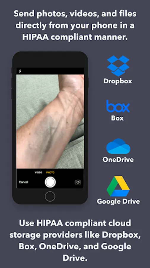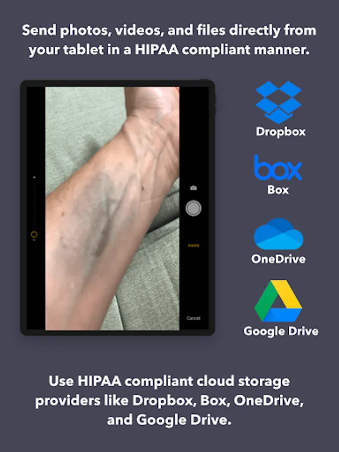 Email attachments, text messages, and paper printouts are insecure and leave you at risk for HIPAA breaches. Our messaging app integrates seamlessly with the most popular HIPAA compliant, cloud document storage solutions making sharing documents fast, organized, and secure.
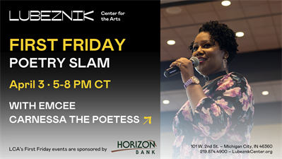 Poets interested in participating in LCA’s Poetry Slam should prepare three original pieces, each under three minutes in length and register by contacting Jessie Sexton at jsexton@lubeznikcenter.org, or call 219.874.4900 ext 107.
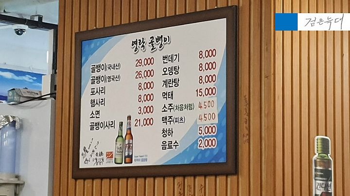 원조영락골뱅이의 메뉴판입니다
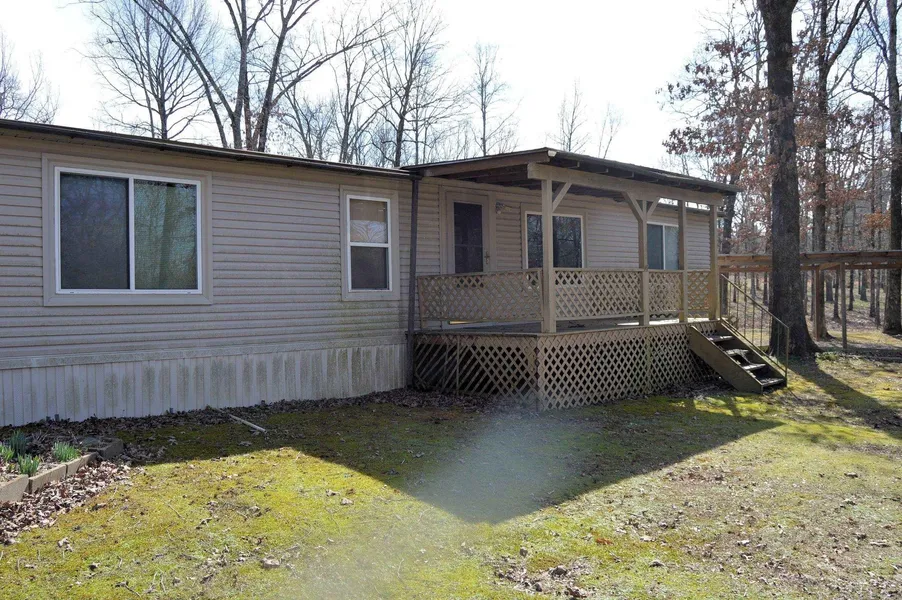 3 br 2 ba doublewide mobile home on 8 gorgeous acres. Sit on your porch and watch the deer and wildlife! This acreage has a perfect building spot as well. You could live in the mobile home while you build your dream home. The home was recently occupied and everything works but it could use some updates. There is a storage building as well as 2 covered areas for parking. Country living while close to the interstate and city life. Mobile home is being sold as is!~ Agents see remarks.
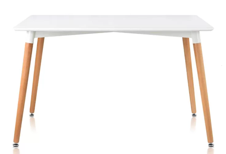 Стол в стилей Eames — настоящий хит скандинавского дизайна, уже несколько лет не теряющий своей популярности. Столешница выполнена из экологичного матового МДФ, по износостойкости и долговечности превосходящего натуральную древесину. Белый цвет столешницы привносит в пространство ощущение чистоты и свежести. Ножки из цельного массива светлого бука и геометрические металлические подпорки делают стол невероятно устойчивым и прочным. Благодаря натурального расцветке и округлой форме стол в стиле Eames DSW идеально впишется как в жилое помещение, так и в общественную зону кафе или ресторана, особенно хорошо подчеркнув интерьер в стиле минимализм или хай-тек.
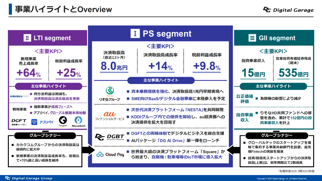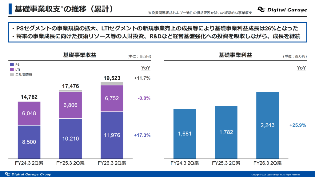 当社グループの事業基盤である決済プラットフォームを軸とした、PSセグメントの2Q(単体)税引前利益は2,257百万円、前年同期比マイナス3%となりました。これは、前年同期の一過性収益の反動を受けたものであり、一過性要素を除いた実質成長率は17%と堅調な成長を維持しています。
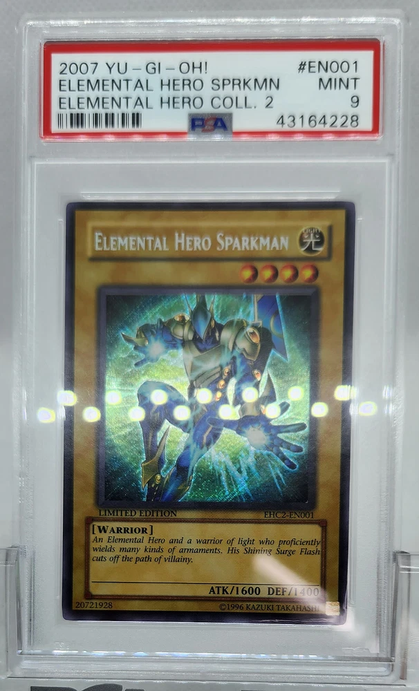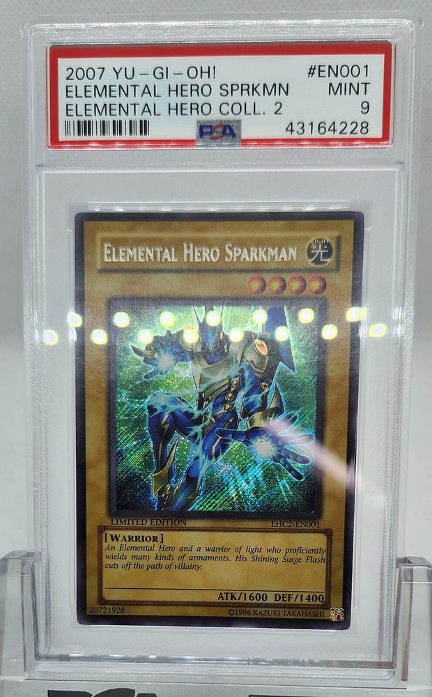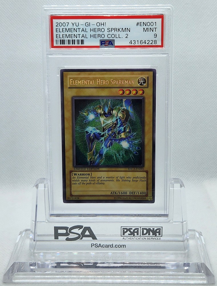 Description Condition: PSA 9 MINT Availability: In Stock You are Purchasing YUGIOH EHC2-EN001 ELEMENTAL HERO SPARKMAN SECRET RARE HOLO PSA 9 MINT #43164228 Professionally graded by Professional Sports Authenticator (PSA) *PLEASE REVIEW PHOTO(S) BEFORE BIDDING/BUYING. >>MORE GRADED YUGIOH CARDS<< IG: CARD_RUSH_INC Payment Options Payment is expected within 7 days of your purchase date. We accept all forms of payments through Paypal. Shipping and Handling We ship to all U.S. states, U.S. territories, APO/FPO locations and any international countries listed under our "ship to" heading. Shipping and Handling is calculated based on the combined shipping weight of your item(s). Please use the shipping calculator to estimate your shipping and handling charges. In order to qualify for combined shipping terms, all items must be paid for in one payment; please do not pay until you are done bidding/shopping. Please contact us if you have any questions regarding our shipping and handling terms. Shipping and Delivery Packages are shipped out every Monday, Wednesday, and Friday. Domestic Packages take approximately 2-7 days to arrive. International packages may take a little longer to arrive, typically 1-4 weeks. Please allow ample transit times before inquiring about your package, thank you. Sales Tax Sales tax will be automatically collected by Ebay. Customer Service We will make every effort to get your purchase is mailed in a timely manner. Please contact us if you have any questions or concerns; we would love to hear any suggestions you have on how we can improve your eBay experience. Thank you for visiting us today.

About this task
Pictures are to be omitted; set down the rest of the entries exactly as given.

Answer to the problem
 Email attachments, text messages, and paper printouts are insecure and leave you at risk for HIPAA breaches. Our messaging app integrates seamlessly with the most popular HIPAA compliant, cloud document storage solutions making sharing documents fast, organized, and secure.
 Poets interested in participating in LCA’s Poetry Slam should prepare three original pieces, each under three minutes in length and register by contacting Jessie Sexton at jsexton@lubeznikcenter.org, or call 219.874.4900 ext 107.
 원조영락골뱅이의 메뉴판입니다
 3 br 2 ba doublewide mobile home on 8 gorgeous acres. Sit on your porch and watch the deer and wildlife! This acreage has a perfect building spot as well. You could live in the mobile home while you build your dream home. The home was recently occupied and everything works but it could use some updates. There is a storage building as well as 2 covered areas for parking. Country living while close to the interstate and city life. Mobile home is being sold as is!~ Agents see remarks.
 Стол в стилей Eames — настоящий хит скандинавского дизайна, уже несколько лет не теряющий своей популярности. Столешница выполнена из экологичного матового МДФ, по износостойкости и долговечности превосходящего натуральную древесину. Белый цвет столешницы привносит в пространство ощущение чистоты и свежести. Ножки из цельного массива светлого бука и геометрические металлические подпорки делают стол невероятно устойчивым и прочным. Благодаря натурального расцветке и округлой форме стол в стиле Eames DSW идеально впишется как в жилое помещение, так и в общественную зону кафе или ресторана, особенно хорошо подчеркнув интерьер в стиле минимализм или хай-тек.
 当社グループの事業基盤である決済プラットフォームを軸とした、PSセグメントの2Q(単体)税引前利益は2,257百万円、前年同期比マイナス3%となりました。これは、前年同期の一過性収益の反動を受けたものであり、一過性要素を除いた実質成長率は17%と堅調な成長を維持しています。
 Description Condition: PSA 9 MINT Availability: In Stock You are Purchasing YUGIOH EHC2-EN001 ELEMENTAL HERO SPARKMAN SECRET RARE HOLO PSA 9 MINT #43164228 Professionally graded by Professional Sports Authenticator (PSA) *PLEASE REVIEW PHOTO(S) BEFORE BIDDING/BUYING. >>MORE GRADED YUGIOH CARDS<< IG: CARD_RUSH_INC Payment Options Payment is expected within 7 days of your purchase date. We accept all forms of payments through Paypal. Shipping and Handling We ship to all U.S. states, U.S. territories, APO/FPO locations and any international countries listed under our "ship to" heading. Shipping and Handling is calculated based on the combined shipping weight of your item(s). Please use the shipping calculator to estimate your shipping and handling charges. In order to qualify for combined shipping terms, all items must be paid for in one payment; please do not pay until you are done bidding/shopping. Please contact us if you have any questions regarding our shipping and handling terms. Shipping and Delivery Packages are shipped out every Monday, Wednesday, and Friday. Domestic Packages take approximately 2-7 days to arrive. International packages may take a little longer to arrive, typically 1-4 weeks. Please allow ample transit times before inquiring about your package, thank you. Sales Tax Sales tax will be automatically collected by Ebay. Customer Service We will make every effort to get your purchase is mailed in a timely manner. Please contact us if you have any questions or concerns; we would love to hear any suggestions you have on how we can improve your eBay experience. Thank you for visiting us today.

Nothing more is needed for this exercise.